Opponents’ arguments are countered, however, by evidence of the success of OCP programs in other states. Patients in such programs appear less likely to be hospitalized, to commit crimes or (much more frequently) to be the victims of crimes and their care costs less as a result. Legislators in most states have now found such arguments compelling; Maine is finally going as the nation has gone.

The OCP debate has turned on the issue of the rights of the patient, since much of the weight of medical decision-making in this country is based on the patient’s right to determine treatment. However, patients with severe mental illness weaken several fundamental underpinnings of this model of patient autonomy.

First, patients with severe mental illness often have little insight into their illness, and reject treatment because they do not believe they are ill or are suspicious of the treatment. In other words, they reject treatment of their illness because of their illness, not because they are exercising the reasoned judgment of a sound mind thoughtfully protecting its free will. Second, some of them already have their freedom abridged frequently because this lack of insight and judgment causes them to be a threat to themselves or others, and that trouble gets them jailed or involuntarily committed.

Third, mental illness is unique among diseases in the amount of mayhem the patient’s illness causes others, including family, police, emergency medical care providers, hospital staff and society at large. In this regard the patient with untreated mental illness clearly differs from the patient with untreated lung cancer.

This spillover effects to others elevates society’s right and need to intervene beyond the right it would have to intervene in a disease with little or no immediate adverse impact on others. Finally, the freedom to be imprisoned by the mental jail of profoundly disturbed thoughts and terrible quality of life is not freedom.

Those who would err here on the side of patient autonomy often do so for one of two reasons; they do not fully understand the consequences of untreated, severe mental illness, or they are fundamentalists for patient autonomy no matter what the cost.

Severe mental illnesses, especially schizophrenia and so-called manic-depressive illness, are deadly, debilitating, ruinous diseases that preclude good judgment and reasonable quality of life when uncontrolled. These diseases kill patients, ruin careers and families and spread chaos beyond the patient the way a tsunami spreads from an earthquake. Assuming such a patient can have the insight and judgment to make treatment decisions about their care while in the grips of psychosis suggests a failure to understand mental illness as real and serious disease.

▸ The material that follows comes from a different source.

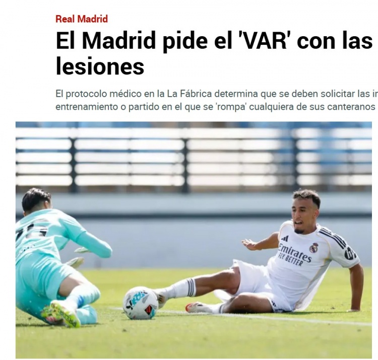 马卡:自家青训在U20集训受伤,皇马要求西足协提供受伤时的录像

Fundamentalists for autonomy of the mentally ill, while well-intentioned and understandable, can only protect that autonomy in totality by sacrificing the many for the few. The many are the large number of mentally ill patients who will improve if they get treatment and who, when surveyed, say they prefer to be treated (and feeling better) even if the treatment is mandated. The few are those patients who would sacrifice themselves in a state of uncontrolled illness to the goal of total autonomy.

Maine and other states have few options but to try well-designed OCP programs. The states need to put the taxpayer dollars that OCP programs save into better community treatment programs for the mentally ill, and the states don’t have enough psychiatric hospital beds to keep admitting these patients to the hospitals instead of taking care of them well in the communities. Nor do they have enough jails.

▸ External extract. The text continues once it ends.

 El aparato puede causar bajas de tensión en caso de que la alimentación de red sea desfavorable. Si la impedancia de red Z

The states also need to do something other than abandon the severely mentally ill to tragic and debilitating cycles of the streets and the jails, emergency departments and the psychiatric hospitals. They need to treat psychiatric illness as real disease that does not fit the traditional model of patient autonomy, disease that wastes patient lives and taxpayer dollars. And in Maine they need to sign the damn check for $524,000 to fund a pilot OCP project. People are certainly dying for the chance to try it.

Erik Steele, D.O., a physician in Bangor, is chief medical officer of Eastern Maine Healthcare Systems and is on the staff of several hospital emergency rooms in the region.